BadDicom.exe c:\temp\testdicoms 12 10 -s 100
SynthEHR.exe c:\temp\testdicoms 12 100 -s 100
Generates a pool of 12 patients and 10 Studies (for random patients) then 100 rows of data for each EHR dataset
You can generate test data for your program yourself by referencing the nuget package:
//create a test person
var r = new Random(23);
var person = new Person(r);
//create a generator
using (var generator = new DicomDataGenerator(r, null, "CT"))
{
//create a dataset in memory
DicomDataset dataset = generator.GenerateTestDataset(person, r);
//values should match the patient details
Assert.AreEqual(person.CHI,dataset.GetValue<string>(DicomTag.PatientID,0));
Assert.GreaterOrEqual(dataset.GetValue<DateTime>(DicomTag.StudyDate,0),person.DateOfBirth);
//should have a study description
Assert.IsNotNull(dataset.GetValue<string>(DicomTag.StudyDescription,0));
}
Building requires MSBuild 15 or later (or Visual Studio 2017 or later). You will also need to install the DotNetCore 2.2 SDK.

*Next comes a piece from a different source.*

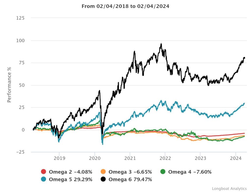 | Omega 5 | 48.67% | 5.08% | 11.9337 | -27.2792% | 1.2157 |

Csproj files are in the 2017 format and require Visual Studio 2017 or later to run. The following projects are part of the solution:
Project | Runtime | Purpose | Build Output |
---|---|---|---|
BadDicom.csproj | Dot Net Core 2.2 | Command Line Tool | BadDicom.exe generated by dotnet publish* |
BadMedicine.Dicom.csproj | Dot Net Standard 2.0 | Library | BadMedicine.Dicom.dll. Use BadMedicine.Dicom.nuspec to upload to NuGet |
BadMedicine.Dicom.Tests | Dot Net Core 2.2 | Tests for library | None |
*Publish an OS specific binary by building BadDicom.csproj then running:
dotnet publish BadDicom.csproj -r win-x64 --self-contained
cd .\bin\Debug\netcoreapp2.2\win-x64\
For Linux, a few extra requirements are needed:
# For Ubuntu
$ sudo apt install libc6-dev libgdiplus
# For CentOS
$ sudo yum install libc6-devel libgdiplus
Basic random patient information (age, CHI etc) are generated by SynthEHR
The following tags are populated in dicom files generated:
Tag | Model |
---|---|
PatientID | The CHI number of the (random) patient |
StudyDate | A random date during the patients lifetime |
StudyTime | Random time of day with hours favoured during the middle of the working day. |
SeriesDate | Same as StudyDate* |
PatientAge | Age of patient at SeriesDate e.g. "032Y" |
Modality | Random modality for which we have at least 1 image locally. (proportionate to modality popularity) |
StudyDescription | Random description that exists in the modality (proportionate to frequency seen) |
*SeriesDate is always the same as Study Date (see Seres
constructor), for secondary capture this should/could not be the case (we should look at how this corresponds in the PACS data we have)
Currently pixel data is written as a black square with the SOP Instance UID written in white.